Certifié par le Greffier en Chef,
Grosse délivrée le :
à :
Décision déférée à la Cour : jugement rendu le 10 octobre 2019 (R.G. n°17/00236) par le pôle social du tribunal de grande instance de PERIGUEUX, suivant déclaration d’appel du 20 novembre 2019,
APPELANTE :
Société SNPE agissant en la personne de son représentant légal domicilié en cette qualité au siège social […]
représentée par Me HALBOUT substituant Me Nadia PERLAUT, avocat au barreau de PARIS
INTIMÉ :
Monsieur A X
né le […] à […],
demeurant […]
représenté par Me Guillaume BERNARD substituant Me Elisabeth LEROUX de la SELARL
TEISSONNIERE TOPALOFF LAFFORGUE ANDREU ASSOCIES, avocat au barreau de PARIS
COMPOSITION DE LA COUR :
L’affaire a été débattue le 10 novembre 2021 en audience publique, devant la Cour composée de :
Madame Marie-Paule Menu, présidente,
Madame Emmanuelle Leboucher, conseillère,
Monsieur Hervé Ballereau, conseiller,
qui en ont délibéré.
Greffière lors des débats : Mme Sylvaine Déchamps,
ARRÊT :
- contradictoire
- prononcé publiquement par mise à disposition de l’arrêt au greffe de la Cour, les parties en ayant été préalablement avisées dans les conditions prévues à l’article 450 alinéa 2 du Code de Procédure Civile.
EXPOSE DU LITIGE
La société Snpe a employé M. A X en qualité d’ouvrier polyvalent du 13 mai 1974 au 12 juillet 1992.
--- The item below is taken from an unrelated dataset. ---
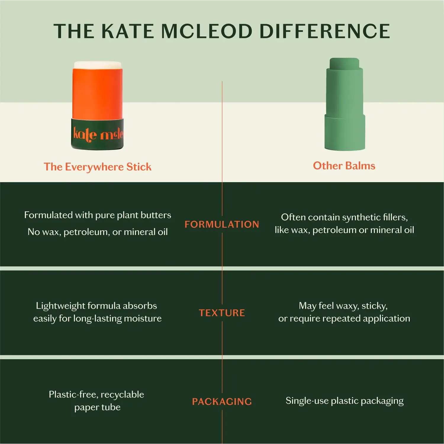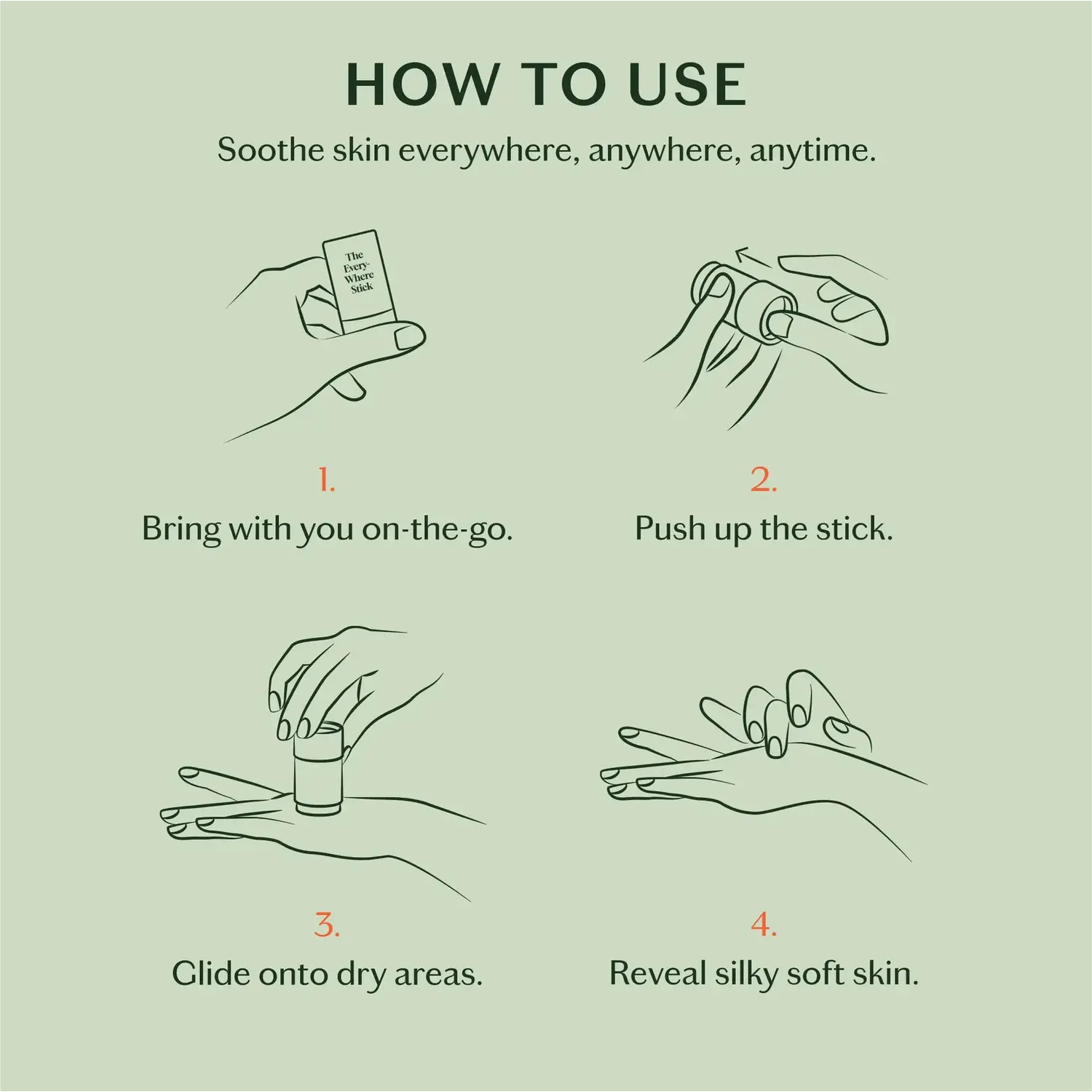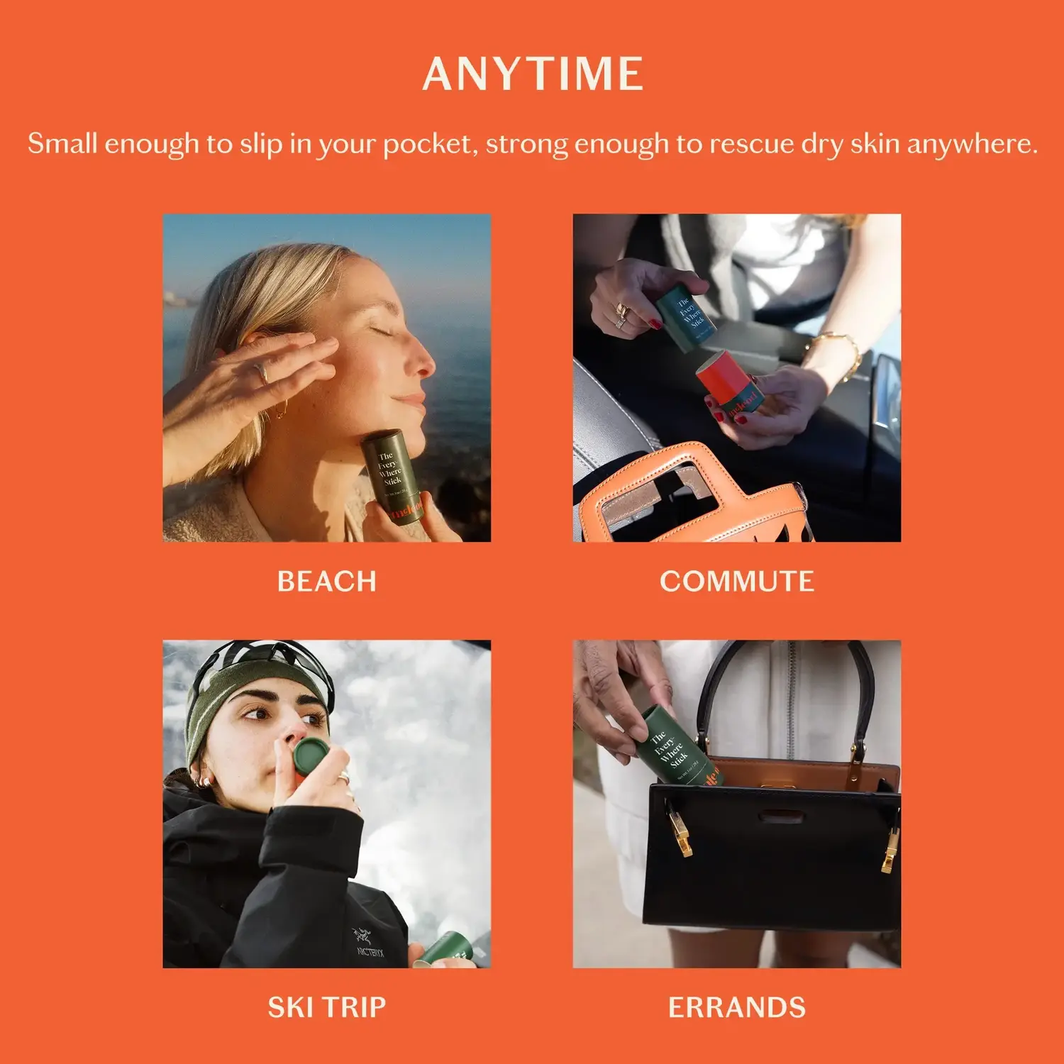 Just tuck the Everywhere Stick in your bag and apply whenever and wherever dryness strikes. Great for travel and outdoor adventures like skiing or hiking.

M. X est atteint de plaques pleurales prises en charge au titre de la législation professionnelle.
En mars 2017, M. X s’est vu reconnaître un taux d’incapacité permanente (IPP) de 5%.
Le 28 décembre 2016, M. X a saisi le tribunal des affaires de sécurité sociale de la Dordogne aux fins de : voir reconnaître la faute inexcusable de son employeur•
• voir ordonner la majoration au maximum de la rente ou du capital en suivant l’évolution de son taux d’IPP
• se voir indemniser pour les préjudices suivants : souffrances physiques, souffrances morales, préjudice d’agrément, voir ordonner l’exécution provisoire,•
• voir condamner la société au paiement d’une somme sur le fondement de l’article 700 du code de procédure civile.
Par jugement du 10 octobre 2019, le pôle social du tribunal de grande instance de Périgueux a :
• dit que la maladie professionnelle dont est atteint M. X est due à la faute inexcusable de son employeur Snpe, fixé au maximum la majoration du capital ou de la rente versée et dit qu’elle suivra• automatiquement le taux d’IPP du demandeur en cas d’aggravation de son état, alloué à M. X les sommes suivantes :•
- 20.000 euros au titre des souffrances physiques et morales,
- 3.000 euros au titre du préjudice d’agrément,
• condamné la société à verser à M. X la somme de 1.500 euros sur le fondement de l’article 700 du code de procédure civile,
• ordonné l’exécution provisoire et dit que la société devra rembourser à la caisse primaire d’assurance maladie de la Dordogne les sommes dont elle devra faire l’avance.
Par déclaration du 20 novembre 2019, la société Snpe a fait appel de cette décision.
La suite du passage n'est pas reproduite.